Navajo and Hopi Indians tell environmentalists they're not welcome

Interesting. A very similar thing has happened here in far north Queensland when aboriginal people realised that greenies liked trees more than people, and were quite prepared to stab them in the back by doing deals with the Labor government over the so-called wild rivers legislation.

Effectively, Labor put its political interests, ie its need for green voting preferences, ahead of the needs and rights of indigenous people.

The Wilderness Society was happy to tolerate aborigines in its precious wilderness as long as they stayed poor and didn't get in the way.

It was almost worth it to see aboriginal people protesting outside a Wilderness Society function in urban Brisbane full of the usual white inner-city living upper-middle class suspects.
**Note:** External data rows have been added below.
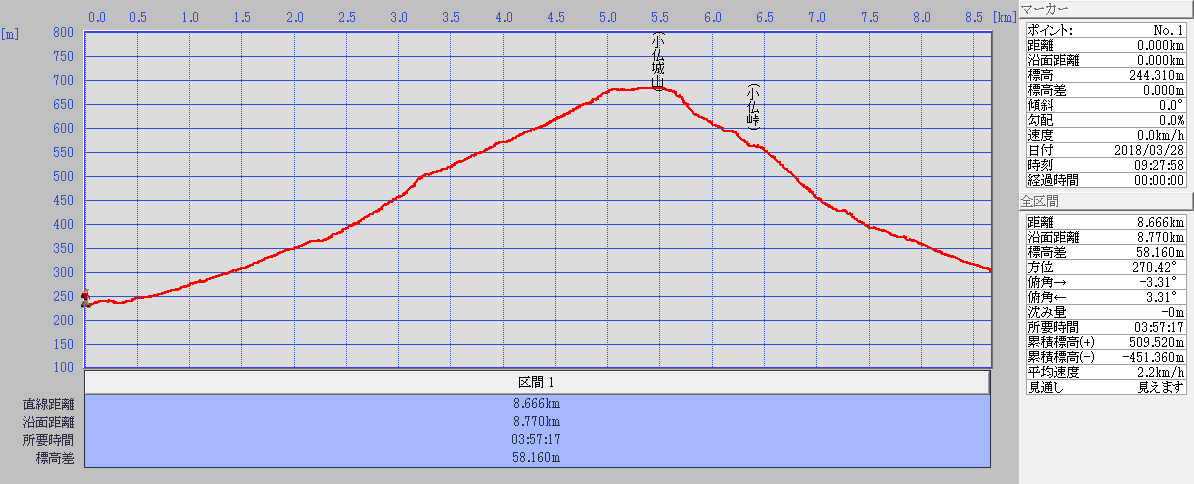 歩行距離:8.7km。 全体所要時間:3時間57分。 移動時間:3時間03分。 停止時間:54分。 移動平均速度:2.84km/h。 全体平均速度:2.19km/h。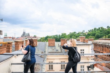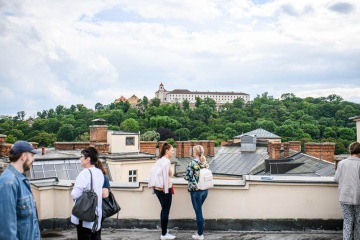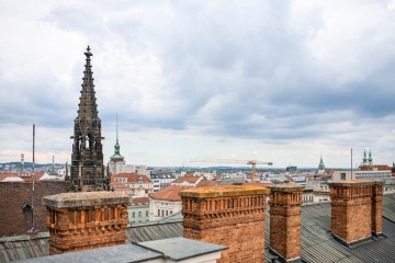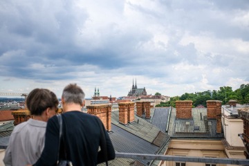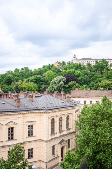 Kolem této budovy na Joštove chodím často a konečně mám jasno v tom, proč má tak neobvyklý lichoběžníkový tvar. Proč tam mají v knihovně zabudovaný jeřáb. Proč je sváteční sál v tělocvičně. V jakém patře se skrývá Rádio R i jak parádní výhled je ze střechy. Nejen na Špilas. Nejen na Jaselskou. Nejen na „červený kostel“.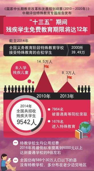 昨天,教育部公布《国家中长期教育改革和发展规划纲要》实施五周年特殊教育发展情况。教育部基础教育二司负责人表示,“十三五”期间,我国将实现残疾学生高中阶段免费,使残疾学生的免费教育达到12年。
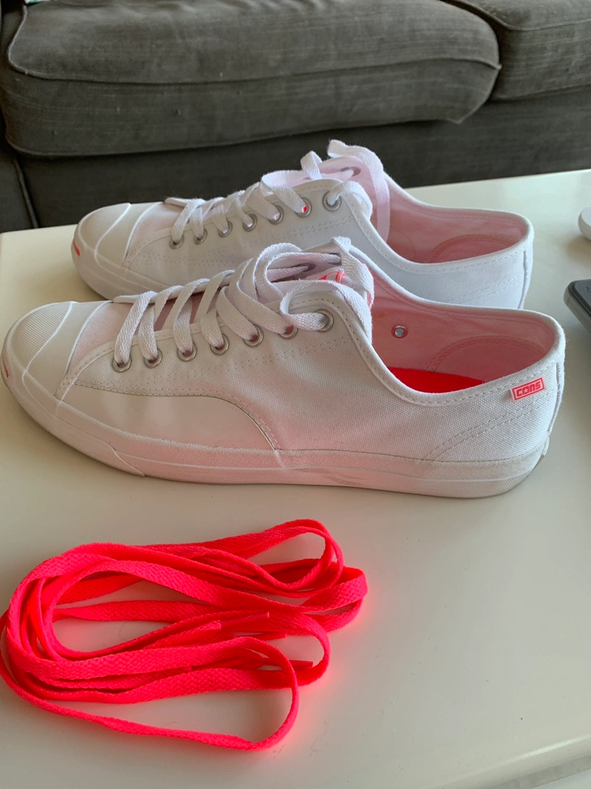 Size 9.5 Men's, white with pink accents, comes with an extra pair of pink laces.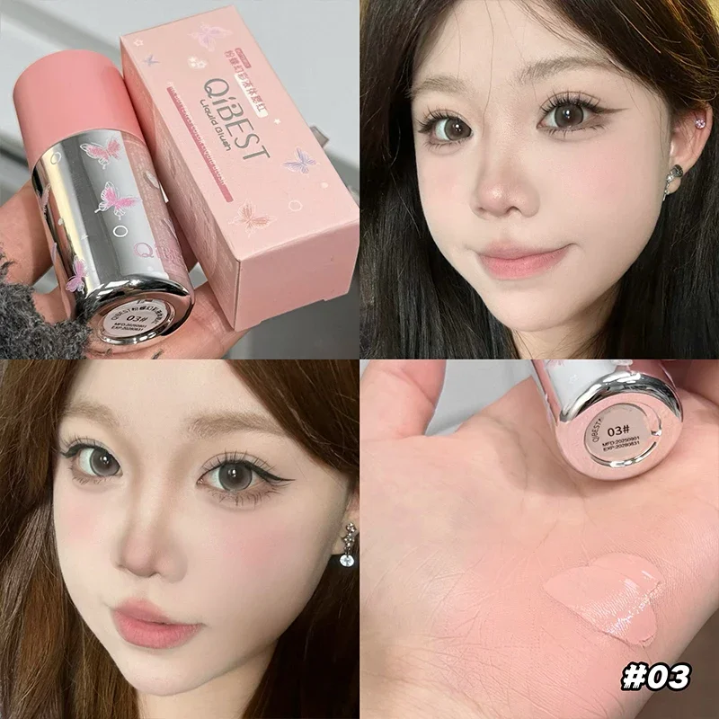 QIBEST Soft Color Sponge Head Liquid Blusher Smooth Cheek Eye Mousse Blush Highlighter Stick Rouge Waterproof Contour Cosmetics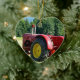 Antik röd lantgårdtraktor julgransprydnad keramik
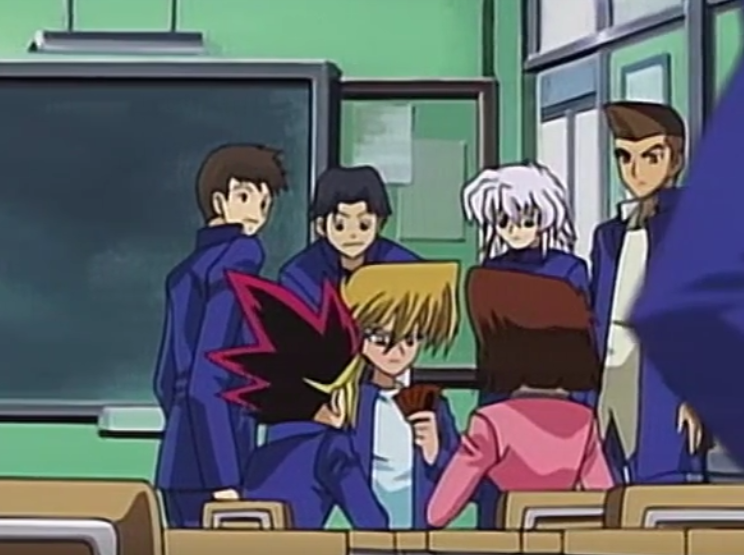 大家好,我是团团圈,今天让我们进入武藤游戏的游戏王卡牌讲解小课堂。众所周知,城之内,杏子,本田等,都是在武藤游戏的带领下学会游戏王卡牌的。所以不经意间,武藤游戏已经把一些技能传授给他们了。现在武藤游戏正在观看他的两个学生对战。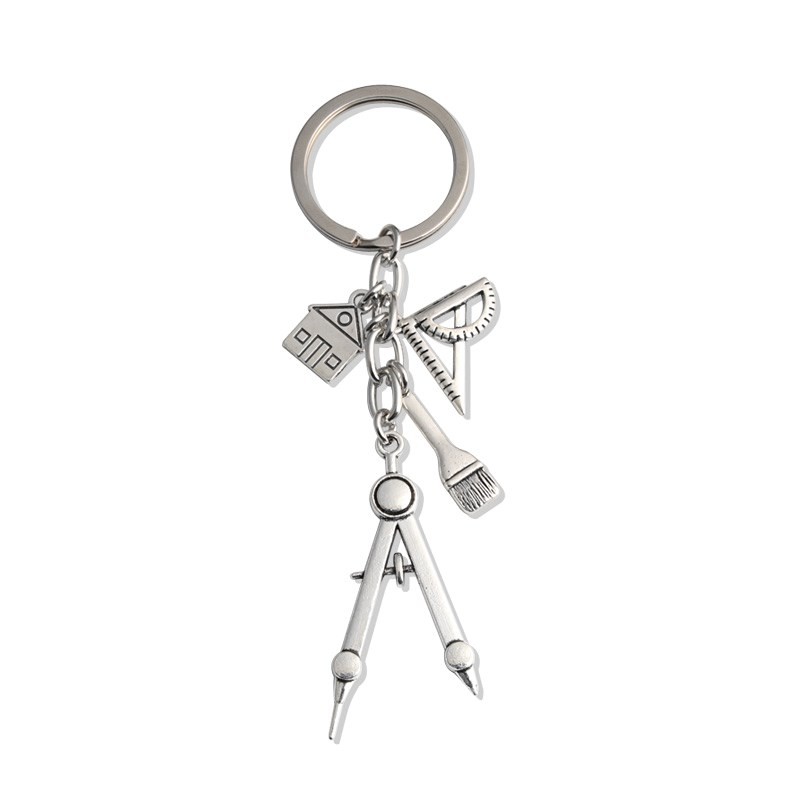 New Home Keychain Building Key Ring Triangular Rule Brush Conpass House Key Chain For Architect Engineer Drawing Jewelry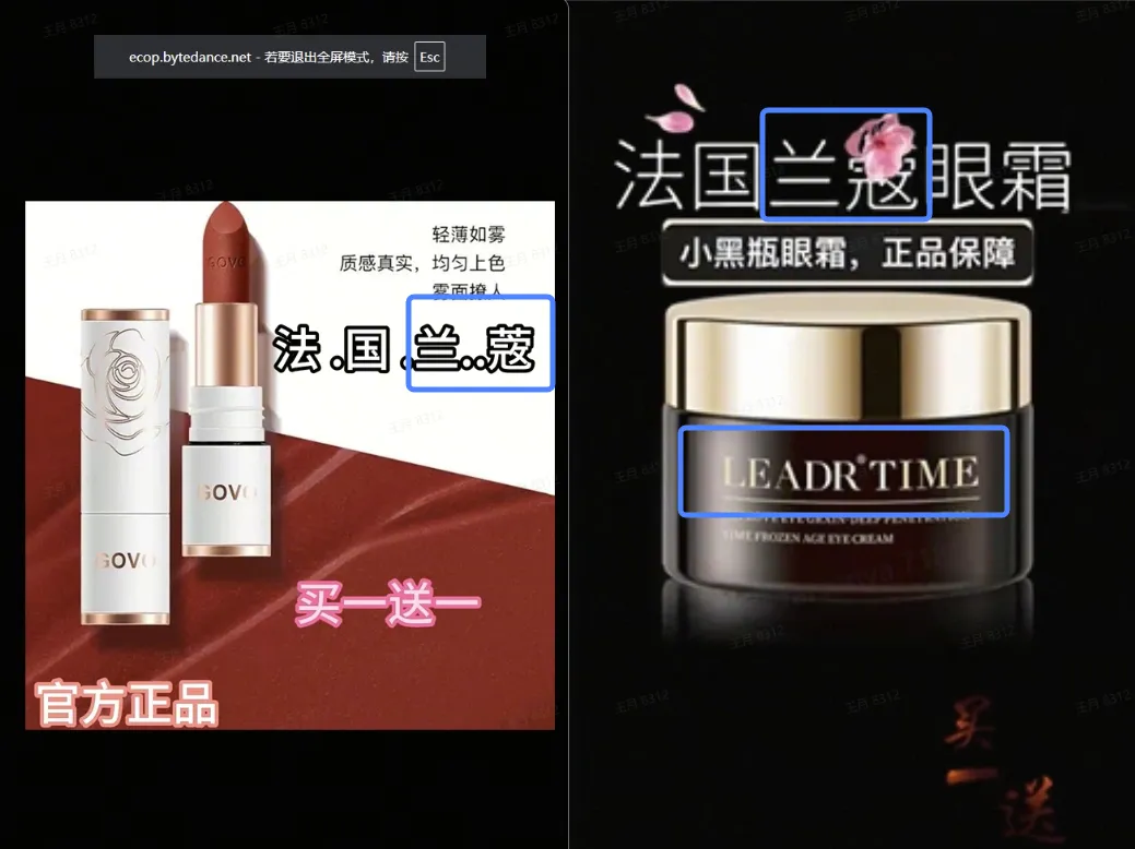 - 商品端(商家):标题、主图、详情页等位置的品牌信息必须统一,不能出现 “暗示为A品牌、实际卖B品牌”、“遮挡品牌 LOGO”“用变形词 / 近似词误导品牌理解(如‘兰蔻’写成‘兰蔲’)。

You know, your typical Greens voter
FLAGSTAFF, Ariz. - The leader of the country's largest Indian reservation threw his support behind the neighboring Hopi Tribe, whose lawmakers declared environmental groups unwelcome on the reservation.

Navajo President Joe Shirley Jr. and Hopi lawmakers say environmentalists' efforts could hurt the tribes' struggling economies by slowing or stopping coal mining.
 
Shirley said Wednesday that he will stand in solidarity with the Hopi Tribe, and joined Hopi lawmakers in encouraging other tribes to re-evaluate their relationships with environmentalists.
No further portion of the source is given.